[Start of Attachment]

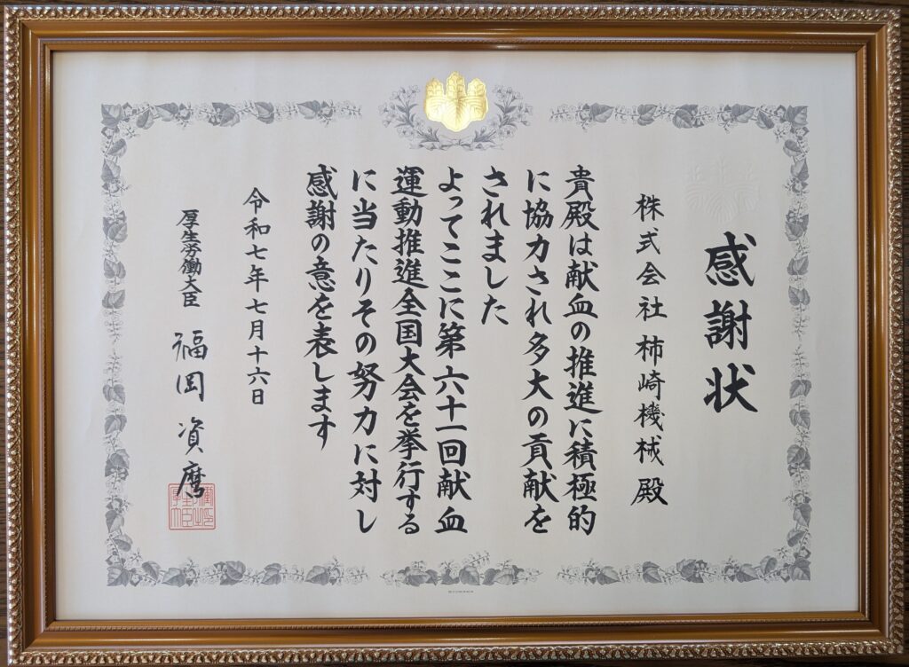2025年9月30日 / 最終更新日時 : 2025年10月1日 admin お知らせ 厚生労働大臣より感謝状を拝受いたしました 2025年7月30日長年にわたる献血への協力が評価され、厚生労働大臣より感謝状を拝受いたしました。
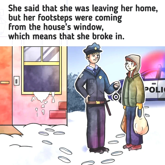 Cevap: Kadın evinden çıktığını iddia etmesine rağmen, ayak izleri onun camdan izinsiz girdiğini gösteriyor. Bu nedenle evin gerçek sahibi olmadığı açıktır.
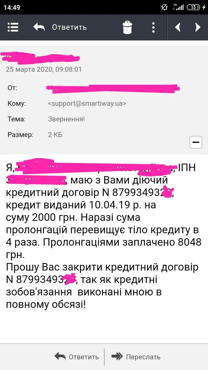 тело было 2000,год делала пролонгации, стремно было из-за рассылок, ведь работаю в школе и есть куча номеров учеников и родителей! писала на них в нацком по поводу переплаты, но месяц ответа нет и в приложении ни чего не менялось! и я сегодня решила написать на електронку смартивей, что кредит я переплатила пролонгациями, так что закрывайте! через час мне ответили что со мной свяжется специалист, но так ни кто и не звонил, и вот сейчас зашла в приложение и написано кредит закрыт и я могу брать новый! так что написала снова на електронку что справку о закрытии прислали! и потом в нацком напишу еще раз на возврат переплаты, мож повезет!!!!
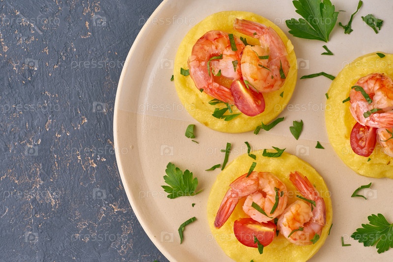 Полента с креветками - диетическое блюдо без глютена, вид сверху, пространство для копирования
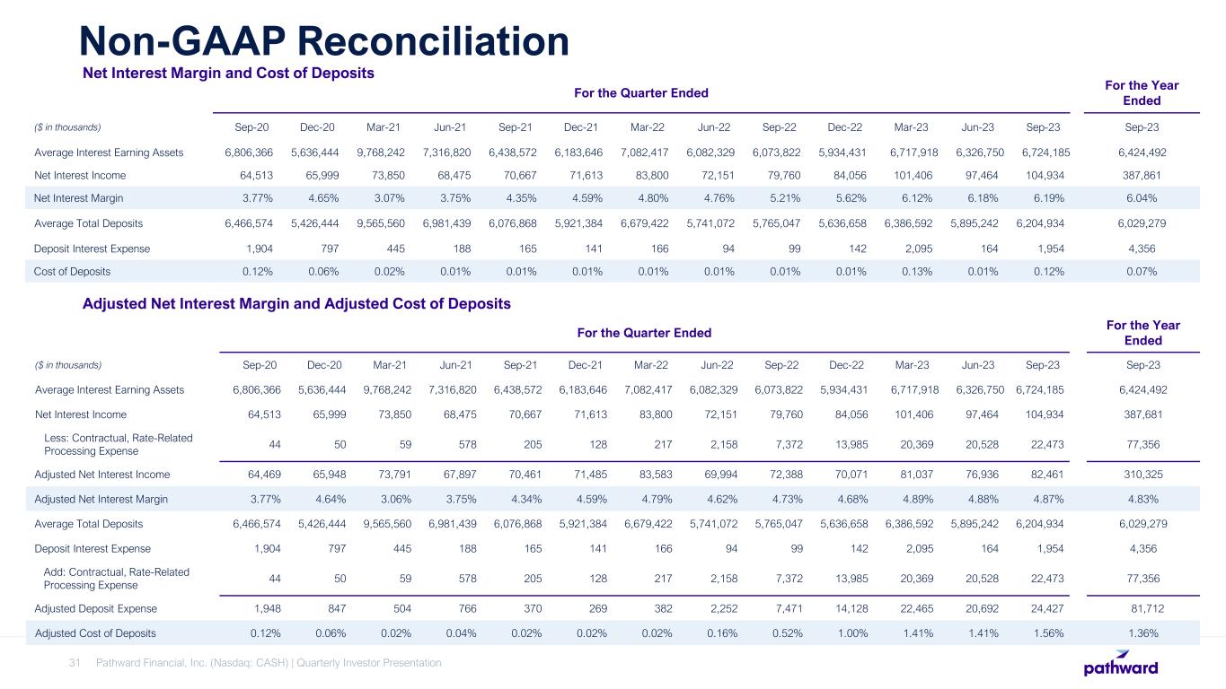 Pathward Financial, Inc. (Nasdaq: CASH) | Quarterly Investor Presentation31 Non-GAAP Reconciliation For the Quarter Ended For the Year Ended ($ in thousands) Sep-20 Dec-20 Mar-21 Jun-21 Sep-21 Dec-21 Mar-22 Jun-22 Sep-22 Dec-22 Mar-23 Jun-23 Sep-23 Sep-23 Average Interest Earning Assets 6,806,366 5,636,444 9,768,242 7,316,820 6,438,572 6,183,646 7,082,417 6,082,329 6,073,822 5,934,431 6,717,918 6,326,750 6,724,185 6,424,492 Net Interest Income 64,513 65,999 73,850 68,475 70,667 71,613 83,800 72,151 79,760 84,056 101,406 97,464 104,934 387,861 Net Interest Margin 3.77% 4.65% 3.07% 3.75% 4.35% 4.59% 4.80% 4.76% 5.21% 5.62% 6.12% 6.18% 6.19% 6.04% Average Total Deposits 6,466,574 5,426,444 9,565,560 6,981,439 6,076,868 5,921,384 6,679,422 5,741,072 5,765,047 5,636,658 6,386,592 5,895,242 6,204,934 6,029,279 Deposit Interest Expense 1,904 797 445 188 165 141 166 94 99 142 2,095 164 1,954 4,356 Cost of Deposits 0.12% 0.06% 0.02% 0.01% 0.01% 0.01% 0.01% 0.01% 0.01% 0.01% 0.13% 0.01% 0.12% 0.07% Net Interest Margin and Cost of Deposits Adjusted Net Interest Margin and Adjusted Cost of Deposits For the Quarter Ended For the Year Ended ($ in thousands) Sep-20 Dec-20 Mar-21 Jun-21 Sep-21 Dec-21 Mar-22 Jun-22 Sep-22 Dec-22 Mar-23 Jun-23 Sep-23 Sep-23 Average Interest Earning Assets 6,806,366 5,636,444 9,768,242 7,316,820 6,438,572 6,183,646 7,082,417 6,082,329 6,073,822 5,934,431 6,717,918 6,326,750 6,724,185 6,424,492 Net Interest Income 64,513 65,999 73,850 68,475 70,667 71,613 83,800 72,151 79,760 84,056 101,406 97,464 104,934 387,681 Less: Contractual, Rate-Related Processing Expense 44 50 59 578 205 128 217 2,158 7,372 13,985 20,369 20,528 22,473 77,356 Adjusted Net Interest Income 64,469 65,948 73,791 67,897 70,461 71,485 83,583 69,994 72,388 70,071 81,037 76,936 82,461 310,325 Adjusted Net Interest Margin 3.77% 4.64% 3.06% 3.75% 4.34% 4.59% 4.79% 4.62% 4.73% 4.68% 4.89% 4.88% 4.87% 4.83% Average Total Deposits 6,466,574 5,426,444 9,565,560 6,981,439 6,076,868 5,921,384 6,679,422 5,741,072 5,765,047 5,636,658 6,386,592 5,895,242 6,204,934 6,029,279 Deposit Interest Expense 1,904 797 445 188 165 141 166 94 99 142 2,095 164 1,954 4,356 Add: Contractual, Rate-Related Processing Expense 44 50 59 578 205 128 217 2,158 7,372 13,985 20,369 20,528 22,473 77,356 Adjusted Deposit Expense 1,948 847 504 766 370 269 382 2,252 7,471 14,128 22,465 20,692 24,427 81,712 Adjusted Cost of Deposits 0.12% 0.06% 0.02% 0.04% 0.02% 0.02% 0.02% 0.16% 0.52% 1.00% 1.41% 1.41% 1.56% 1.36%

[End of Attachment]

§ **TASK INSTRUCTIONS**: Set down the complete material exactly, but do not include the images.

§ **ANSWER SECTION**:
2025年9月30日 / 最終更新日時 : 2025年10月1日 admin お知らせ 厚生労働大臣より感謝状を拝受いたしました 2025年7月30日長年にわたる献血への協力が評価され、厚生労働大臣より感謝状を拝受いたしました。
 Cevap: Kadın evinden çıktığını iddia etmesine rağmen, ayak izleri onun camdan izinsiz girdiğini gösteriyor. Bu nedenle evin gerçek sahibi olmadığı açıktır.
 тело было 2000,год делала пролонгации, стремно было из-за рассылок, ведь работаю в школе и есть куча номеров учеников и родителей! писала на них в нацком по поводу переплаты, но месяц ответа нет и в приложении ни чего не менялось! и я сегодня решила написать на електронку смартивей, что кредит я переплатила пролонгациями, так что закрывайте! через час мне ответили что со мной свяжется специалист, но так ни кто и не звонил, и вот сейчас зашла в приложение и написано кредит закрыт и я могу брать новый! так что написала снова на електронку что справку о закрытии прислали! и потом в нацком напишу еще раз на возврат переплаты, мож повезет!!!!
 Полента с креветками - диетическое блюдо без глютена, вид сверху, пространство для копирования
 Pathward Financial, Inc. (Nasdaq: CASH) | Quarterly Investor Presentation31 Non-GAAP Reconciliation For the Quarter Ended For the Year Ended ($ in thousands) Sep-20 Dec-20 Mar-21 Jun-21 Sep-21 Dec-21 Mar-22 Jun-22 Sep-22 Dec-22 Mar-23 Jun-23 Sep-23 Sep-23 Average Interest Earning Assets 6,806,366 5,636,444 9,768,242 7,316,820 6,438,572 6,183,646 7,082,417 6,082,329 6,073,822 5,934,431 6,717,918 6,326,750 6,724,185 6,424,492 Net Interest Income 64,513 65,999 73,850 68,475 70,667 71,613 83,800 72,151 79,760 84,056 101,406 97,464 104,934 387,861 Net Interest Margin 3.77% 4.65% 3.07% 3.75% 4.35% 4.59% 4.80% 4.76% 5.21% 5.62% 6.12% 6.18% 6.19% 6.04% Average Total Deposits 6,466,574 5,426,444 9,565,560 6,981,439 6,076,868 5,921,384 6,679,422 5,741,072 5,765,047 5,636,658 6,386,592 5,895,242 6,204,934 6,029,279 Deposit Interest Expense 1,904 797 445 188 165 141 166 94 99 142 2,095 164 1,954 4,356 Cost of Deposits 0.12% 0.06% 0.02% 0.01% 0.01% 0.01% 0.01% 0.01% 0.01% 0.01% 0.13% 0.01% 0.12% 0.07% Net Interest Margin and Cost of Deposits Adjusted Net Interest Margin and Adjusted Cost of Deposits For the Quarter Ended For the Year Ended ($ in thousands) Sep-20 Dec-20 Mar-21 Jun-21 Sep-21 Dec-21 Mar-22 Jun-22 Sep-22 Dec-22 Mar-23 Jun-23 Sep-23 Sep-23 Average Interest Earning Assets 6,806,366 5,636,444 9,768,242 7,316,820 6,438,572 6,183,646 7,082,417 6,082,329 6,073,822 5,934,431 6,717,918 6,326,750 6,724,185 6,424,492 Net Interest Income 64,513 65,999 73,850 68,475 70,667 71,613 83,800 72,151 79,760 84,056 101,406 97,464 104,934 387,681 Less: Contractual, Rate-Related Processing Expense 44 50 59 578 205 128 217 2,158 7,372 13,985 20,369 20,528 22,473 77,356 Adjusted Net Interest Income 64,469 65,948 73,791 67,897 70,461 71,485 83,583 69,994 72,388 70,071 81,037 76,936 82,461 310,325 Adjusted Net Interest Margin 3.77% 4.64% 3.06% 3.75% 4.34% 4.59% 4.79% 4.62% 4.73% 4.68% 4.89% 4.88% 4.87% 4.83% Average Total Deposits 6,466,574 5,426,444 9,565,560 6,981,439 6,076,868 5,921,384 6,679,422 5,741,072 5,765,047 5,636,658 6,386,592 5,895,242 6,204,934 6,029,279 Deposit Interest Expense 1,904 797 445 188 165 141 166 94 99 142 2,095 164 1,954 4,356 Add: Contractual, Rate-Related Processing Expense 44 50 59 578 205 128 217 2,158 7,372 13,985 20,369 20,528 22,473 77,356 Adjusted Deposit Expense 1,948 847 504 766 370 269 382 2,252 7,471 14,128 22,465 20,692 24,427 81,712 Adjusted Cost of Deposits 0.12% 0.06% 0.02% 0.04% 0.02% 0.02% 0.02% 0.16% 0.52% 1.00% 1.41% 1.41% 1.56% 1.36%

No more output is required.